In the 19th century, Central Asia became the stage for far-reaching imperial projects. The Russian Empire established the Governor-Generalship of Turkestan, incorporating traditionally Islamic societies, nomadic cultures, and their distinctive political structures. At the same time, Orthodoxy entered the region as part of the new administrative order and immediately provoked outrage among local communities governed by very different norms. In his Qalam interview, historian Daniel Scarborough discusses how the Russian Orthodox Church adapted to this unfamiliar landscape, why imperial officials feared active missionary work, and what the juxtaposition of churches and mazars meant for all involved.

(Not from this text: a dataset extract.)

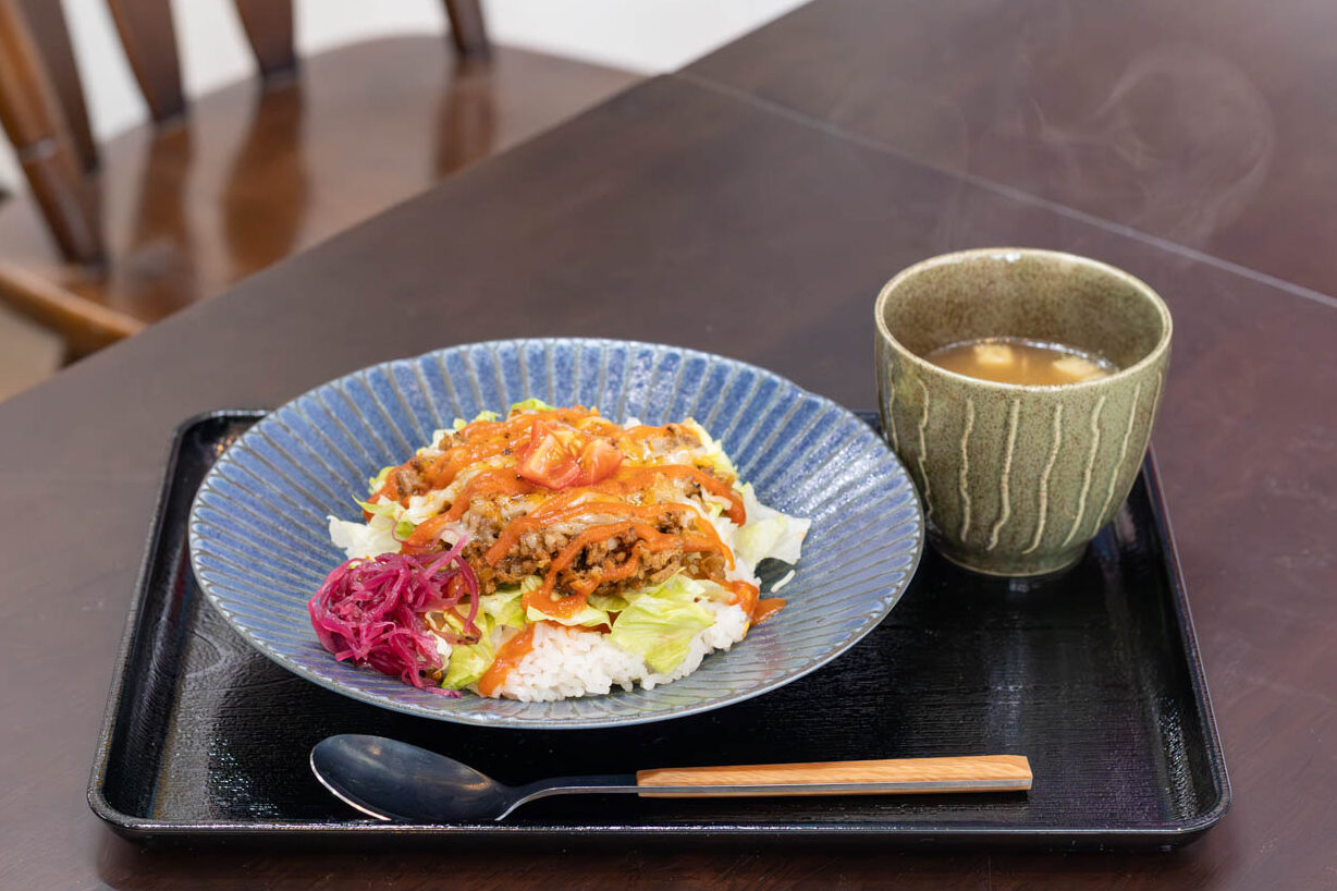 オープン当初から人気のランチメニュー「タコライス」は、コンソメスープがセットになっています。注文が入って数分経つと、チーズを炙る良い香りが店内にふわりと漂います。

Daniel Scarborough / Qalam
Inventing ‘Russian Turkestan’
What was often referred to as Russian Turkestan was a vast territory that the Russian Empire colonized in the 19th century. The Governor-Generalship of Turkestan was formally established in 1867, after Russian forces conquered much of what is now Uzbekistan, southern Kazakhstan, Kyrgyzstan, and parts of Tajikistan. The boundaries of Turkestan shifted over time.

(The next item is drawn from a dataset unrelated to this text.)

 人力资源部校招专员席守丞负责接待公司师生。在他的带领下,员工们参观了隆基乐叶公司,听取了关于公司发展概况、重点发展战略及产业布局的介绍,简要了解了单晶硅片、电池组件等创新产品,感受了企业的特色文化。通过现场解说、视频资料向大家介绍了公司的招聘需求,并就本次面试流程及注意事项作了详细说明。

The Turkestan Governor-Generalship on a map of the Russian Empire / Wikimedia Commons
For instance, the region of Jetisu (Semirechye) initially became part of Turkestan, then was transferred to the Governor-Generalship of the Steppe. Later, it was returned to Turkestan when Transcaspia — mainly modern Turkmenistan — was added to the province in 1899. The resulting territory was enormous: contemporaries noted that it exceeded the combined size of France and Germany.
Its population was exceptionally diverse. Russians made up a relatively small minority; around the turn of the century, there were roughly ten times more indigenous Central Asian inhabitants than Russian settlers.
Orthodoxy in Turkestan: What Did It Look Like?
The Orthodox Church in Turkestan was a highly complex institution. It cannot be described as a single, uniform entity. There was the establishment of the Diocese of Turkestan and Tashkent in 1871, which included a bishop sent to the region and the higher administrative bodies of the Orthodox Church. Alongside this were the settlers who moved to Turkestan from across the empire and practiced their everyday religious life.
The colonial administration deliberately encouraged the migration of Orthodox settlers, rather than Protestants or Old Believers, assuming they would be more loyal to imperial authority. As a result, the majority of newcomers from Siberia, Ukraine, central Russia, and other regions were Orthodox.
The Church of St. Nicholas in Kulja, demolished in the 1960s / Wikimedia Commons
When all of these settlers came together in Turkestan, the authorities realized that not everyone understood Orthodoxy in exactly the same way. There were slight variations in practice, which in some cases led to conflicts among the settlers themselves. Moreover, many Old Believers — whom Church authorities labeled ‘schismatics’ — also arrived in the region, further complicating the diocesan administration’s efforts to maintain cohesion among Orthodox Christians.
Coexisting Faiths: Islam and Orthodoxy
What was distinctive about Central Asia is that it became part of the Russian Empire relatively late. Throughout the empire’s history, the Church had functioned as a central symbol of the Tsar’s authority. In many conquered territories, the Orthodox Church was granted a relatively privileged position: it was protected by the state and allowed to establish itself institutionally, including through access to property and land.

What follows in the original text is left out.